In most cases, adapting to this is a matter of manually eta expanding
definitions, such as in `base:Data.Macaw.Analysis.RegisterUse`. In the case
of `macaw-x86-symbolic:Data.Macaw.X86.Crucible`, the type signature of
`evalExt` had to be made more specific to adapt to the loss of contravariance
when typechecking `(->)`.
* GHC's constraint solver now solves constraints in each top-level group
sooner (see
[here](https://gitlab.haskell.org/ghc/ghc/-/wikis/migration/9.0?version_id=5fcd0a50e0872efb3c38a32db140506da8310d87#the-order-of-th-splices-is-more-important)).

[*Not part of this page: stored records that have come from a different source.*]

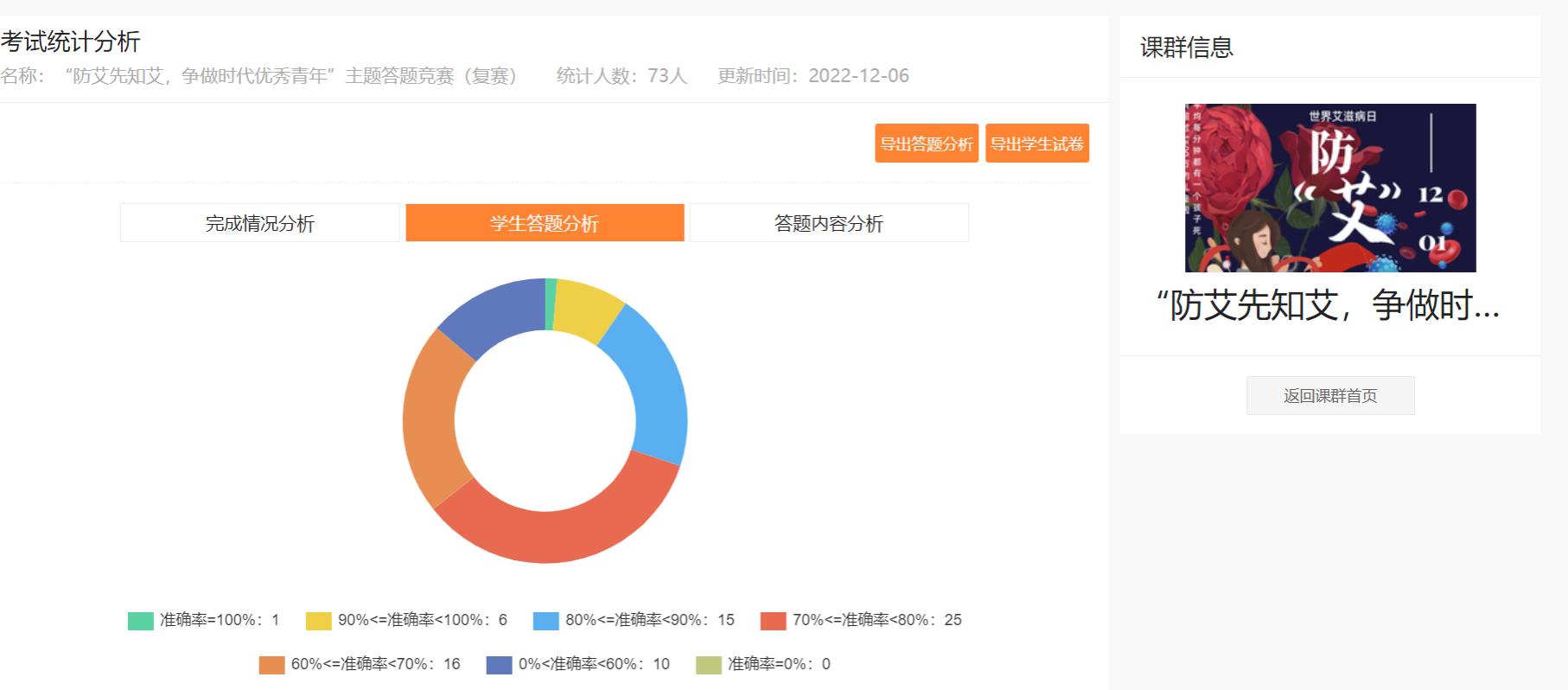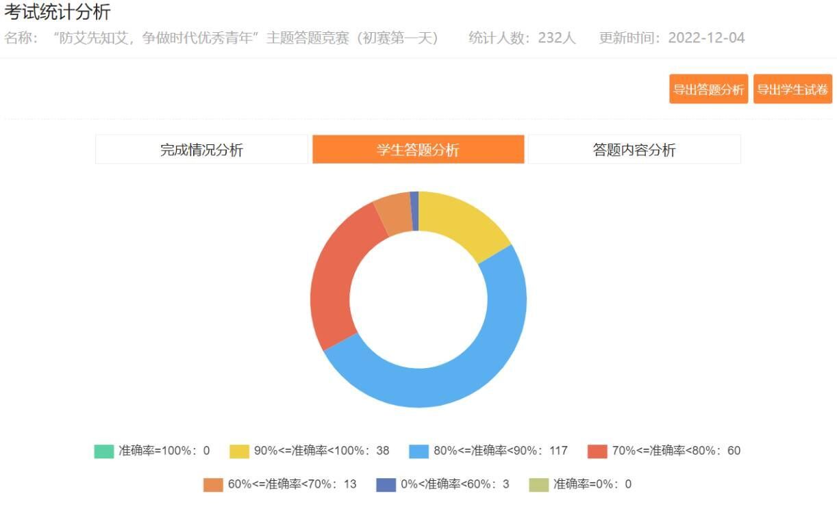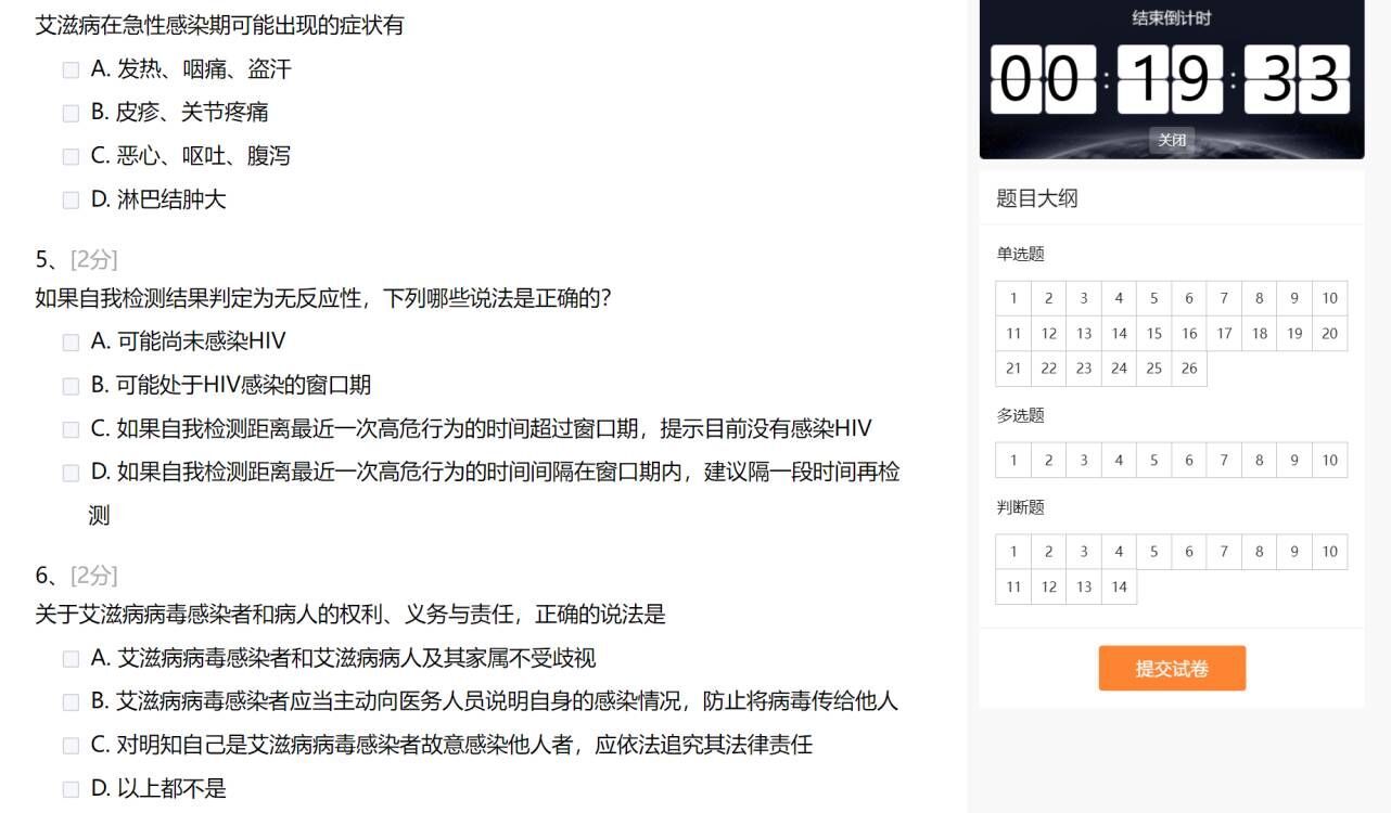在疫情防控的形势下,本次活动采用线上题库学习答题的方式进行。两学院组织者将题目分为单选题、多选题、是非题判断,其考察形式多样、检验方式灵活,有效检测了参赛者在学习艾滋病相关知识的过程中对知识的掌握情况。活动分为初赛、复赛两个阶段,参赛者以个人形式参加,在规定时间内完成答题。11月29日上午,活动报名正式开启,上千余名学生通过i川农、咨询群等多种渠道了解信息前来报名。参赛者通过学习主办方准备的知识题库以及自主学习了解,为比赛做好了充分的准备。初赛阶段,参赛者需要在20分钟内完成50道题目,在此要求上绝大部分同学成绩良好,表现出对此次答题比赛的重复准备和高度重视。最终成绩优秀的前20%参赛者进入复赛阶段。复赛作答时间更短,覆盖知识面更广、题目难度更高,对于参赛者而言是更大的考验。在紧张激烈的答题环境下,比赛最终决出了一等奖1名、二等奖2名、三等奖3名。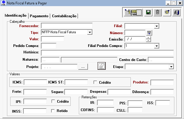 Ao clicar no botão com a figura do clip de papel uma nova tela se abrirá e nela a relação de documentos ligadas ao título a pagar poderá ser incluída ou consultada.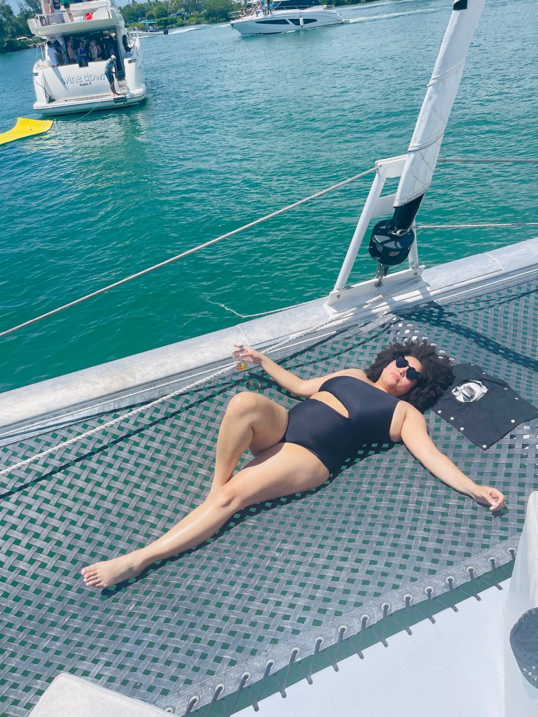 The next day, we wore all black on a Catamaran boat ride. I sewed up a black version of the Marley suit by Edgewater Avenue. I’m linking my sewing vlog for the bathing suit here. The link in the video will have all fabric and pattern information.
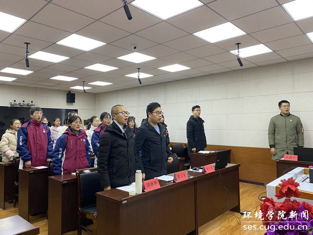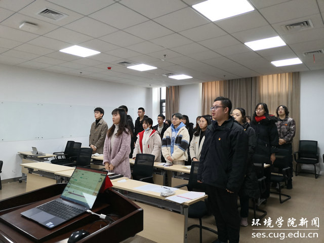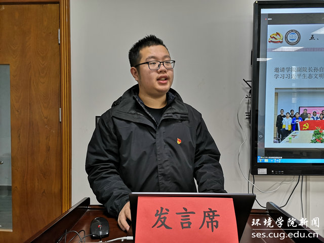 水文专业大学生党支部书记刘傲介绍党支部发展情况。他说,水文支部在环境学院党委的正确领导下,致力打造“双创”品牌,在支部党员思想学习、成长发展、科研能力、实践服务等方面实现引领作用:支部曾邀请华中科技大学先进学生党支部,来院介绍典型经验;与教师党支部共同参观中共五大会址,加强师生党建交流;组织支部成员进行咀里湖志愿清扫活动;成立党员帮扶小组,让优秀同志帮扶成绩薄弱同学;学院搬迁期间,组建义务搬迁工作队,帮助女同学搬运行李。最终,在支部成员的共同努力下,支部今年获评校“十佳党支部”。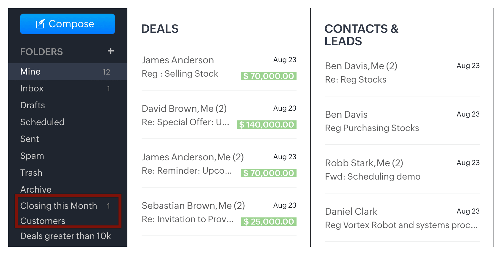 - Clienți: Acest folder afișează emailurile de la contacte cu care toate ofertele sunt „Câștigate și închise".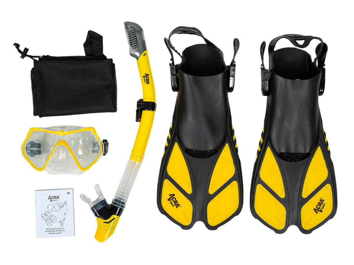 Acra Sport snorkel set with adjustable fins, tempered glass mask with two visors, Dry Top silicone snorkel and travel gear bag. The Acra snorkel set is the perfect travel companion and is suitable for snorkeling, swimming, diving and much more.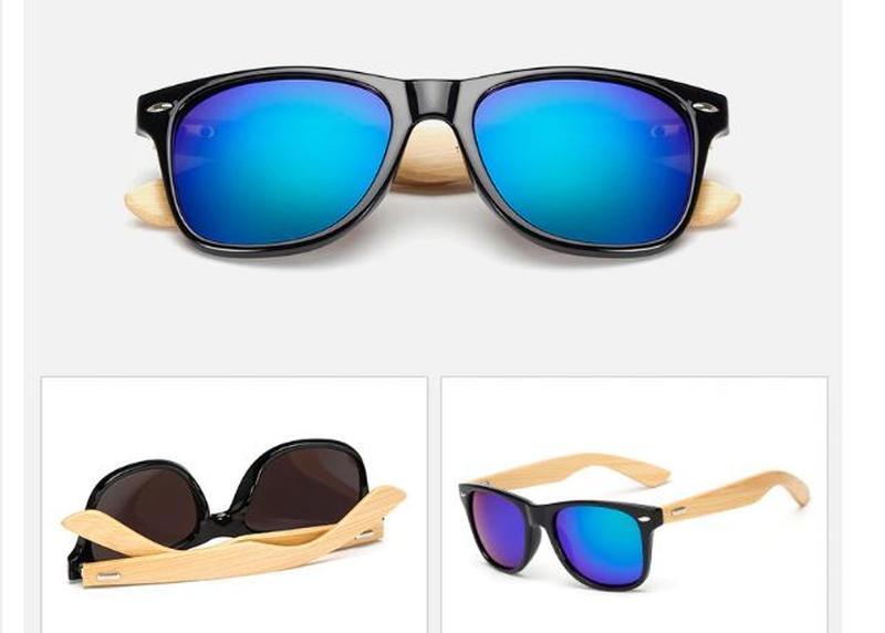 Очки в пластиковой оправе, с деревянными светлыми дужками и защитой от солнца 100% или 400UV, линза диагональ 5.5 см, зеркальная, ширина рамы 14.5 см, очки унисекс, в наличии чёрные очки с синим зеркалом, другие цвета под заказ, около 2-3 недель доставки На очках есть дефект, видно на последних фотографиях.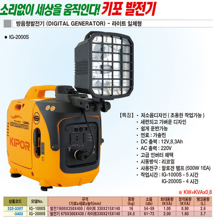 [ŰÆ÷]¹æÀ½Çü ¹ßÀü±â(IG-1000S,1KVA,°¡¼Ö¸°¿¬·á,AC220V/DC12VÃâ·Â,500Watt Çҷΰշ¥ÇÁ)(Digital Generator)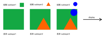 在普通的 layer 绘制中,上层的 sublayer 会覆盖下层的 sublayer,下层 sublayer 绘制完之后就可以抛弃了,从而节约空间提高效率。所有 sublayer 依次绘制完毕之后,整个绘制过程完成,就可以进行后续的呈现了。假设我们需要绘制一个三层的 sublayer,不设置裁剪和圆角,那么整个绘制过程就如下图所示:
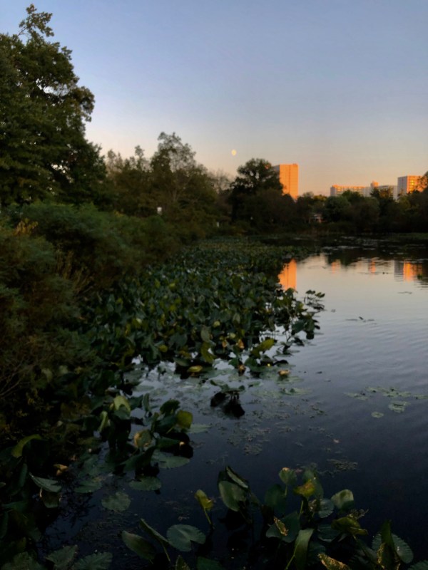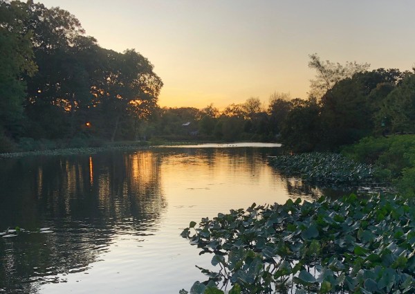 A pleasant aspect of running in autumn, especially in the evening, is that the cicadas are quiet, and the cricket’s songs can be heard.  There are leaves on the ground, and they crunch a bit underfoot.  Other than the padding of my shoes, and the occasional chat of walkers as I pass them, it is pretty quiet along this route.  While I am no fan of the hoards of geese we see in our parks, watching them as the pass with a subtle throbbing noise in their “V” formation and alight on the water is a beautiful sight.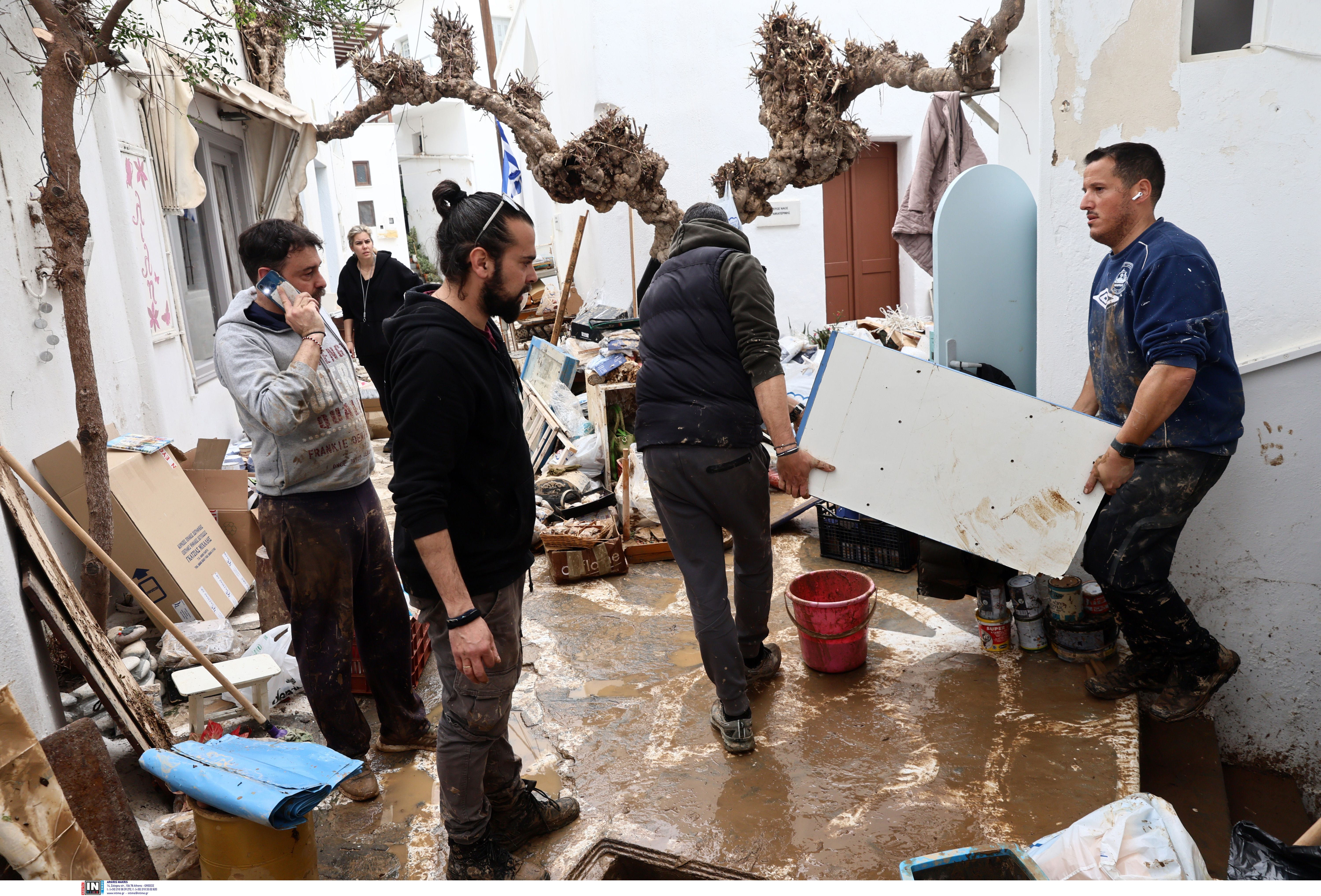 Αντιμέτωποι με τα νερά και τις λάσπες μέσα στις περιουσίες τους οι κάτοικοι του νησιού. Με φτυάρια και λάστιχα, αλλά και με μηχανήματα προσπαθούν να απομακρύνουν τα φερτά υλικά, αλλά και πέτρες. Μεγάλες είναι οι ζημιές στο οδικό δίκτυο, την ύδρευση και την ηλεκτροδότηση.

This affects `macaw-aarch32` and `macaw-symbolic`, as they separate top-level
groups with `$(return [])` Template Haskell splices. The previous locations
of these splices made it so that the TH-generated instances in that package
were not available to any code before the splice, resulting in type errors
when compiled with GHC 9.0.
To overcome this, I rearranged the TH-generated instances so that they appear
before the top-level groups that make use of them.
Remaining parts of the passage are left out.